The first thing, therefore, that Apologetics has to do, in this its second and most important division, is to describe the character and meaning of revelation, discuss the possibility of the thing from all sides,-logical, metaphysical, and moral,-show that it can be known by man, and prove its necessity for the religious life of mankind.

The apologist must describe carefully the character and course of this divine life which has entered into history for the purpose of redemption, explaining it both on its objective side of manifestation and on its subjective side of inspiration. He has to show how it appears in miracle, and is apprehended by the mind specially fitted fore this apprehension; and he points out that such a conception as that of the Christian revelation, such an idea as that of the continuous manifestation of God in the world, does not belong to any pagan religion or theology.

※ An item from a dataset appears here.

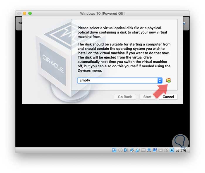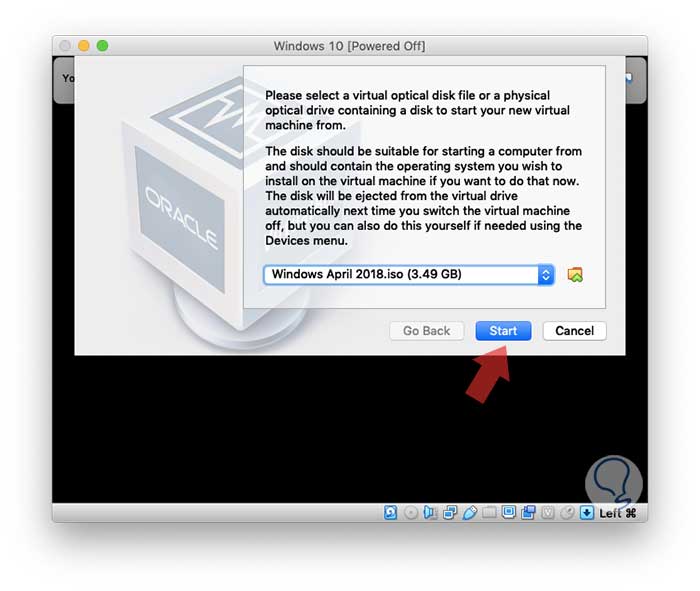 Para dar inicio al proceso de creación de la maquina virtual en VirtualBox en Mojave, pulsamos en el botón "Iniciar" y se desplegara lo siguiente:

This manifestation of God, which is miracle in the proper sense of the word, and the special apprehension of it, which is inspiration in the more limited meaning, have happened, and have been recorded, and the apologist has therefore as much to do with the record of the revelation as with the revelation itself; and hence, after the preliminary investigations into the nature of revelation and its twin sides, manifestation and inspiration, comes an investigation of the sources from which we derive our knowledge of this revelation. The whole question of the Canon of Scripture must, therefore, be looked into and settled, the character, historical or other, the authenticity, and the credibility of the various books of the Old and New Testament must be discussed, and whatever assistance in this task can be obtained from contemporary history must be taken advantage of. Connected with this inquiry, several difficult and delicate question arise, about the relation between inspiration and perfect historical accuracy in every point, the questions of plenary and non-plenary inspiration, whether plenary inspiration requires perfect accuracy in minute details of history, whether it demands scientific accuracy of description, &c., none of which can be entered into here.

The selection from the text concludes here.